No union dues? No problem.
Enter Unifaith, Unifor’s latest community chapter and unofficial union. Unifaith launched in mid-January and is comprised of clergy and faith workers belonging to the United Church of Canada, which currently employs about 2,500 workers.
Robin Wardlaw, president of Unifaith and a Toronto-based reverend, said United Church members have considered organizing for years now, but saw the community chapter as a means to validate that process and inch closer toward eventual certification.
"The union can come to my aid if I’m in difficulty at my church and feeling that there is no one there for me. I can call on the union and someone can be with me through the difficult, sometimes lengthy, sometimes expensive process," Wardlaw said, adding he hopes the new chapter will break down isolation between clergy members.
As part of its organization efforts, Unifaith intends to put an end to what it says is a culture of harassment and bullying throughout the church, improve communication between current and incoming members, deal with job security concerns and eventually beef up the vocation itself through a universal certification process akin to those for doctors and engineers.
Though a community chapter still falls under Unifor’s constitution, it is a separate entity. For instance, its members do not pay traditional union dues, but rather a stagnated amount ($5 per month for wage earners, $10 per month for salary earners). Though Unifor collects, it does not allocate the money — where the funds go is decided by the chapter itself. Nor do members in a community chapter all fall under one blanket employer — it can be made up of workers in a specific employment condition, such as cashiers or farmers.
While the community chapter concept is hardly a novel one, it leaves plenty of room for interpretation and flexibility. The United Steelworkers union, for instance, introduced an associate member program back in the early 2000s in an attempt to foster community action.

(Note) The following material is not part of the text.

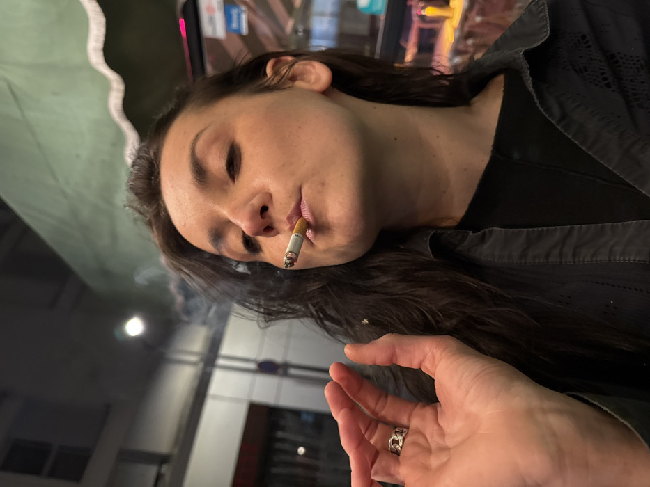 A woman with long, dark hair holds a lit cigarette to her lips. Smoke wafts into the air. She wears a dark collared shirt. Her hand is outstretched with a silver ring on her finger. The scene appears to be lit by indoor lighting at night, with hints of blurred lights in the background. The image is rotated, placing the woman's head on the left and her hand on the right.

Back in Canada, Unifor’s only other national community chapter is the Canadian Freelance Union, a former Communications, Energy and Paperworkers local which became a community chapter after Unifor was created.
Roxanne Dubois, Unifor’s community chapter co-ordinator, said this is one method by which non-traditional and precarious workers can organize and perhaps eventually inject much-needed workers into its shrinking membership base.
"It is a very flexible model," she said. "It is meant to assist and involve people who want to join the union to be able to do it, and to work on their collective goals — whether that is to improve safety in their workplace, whether that is to get respect from their employer, or whether that is to even just be recognized as a collective voice within their sector or within their workplace."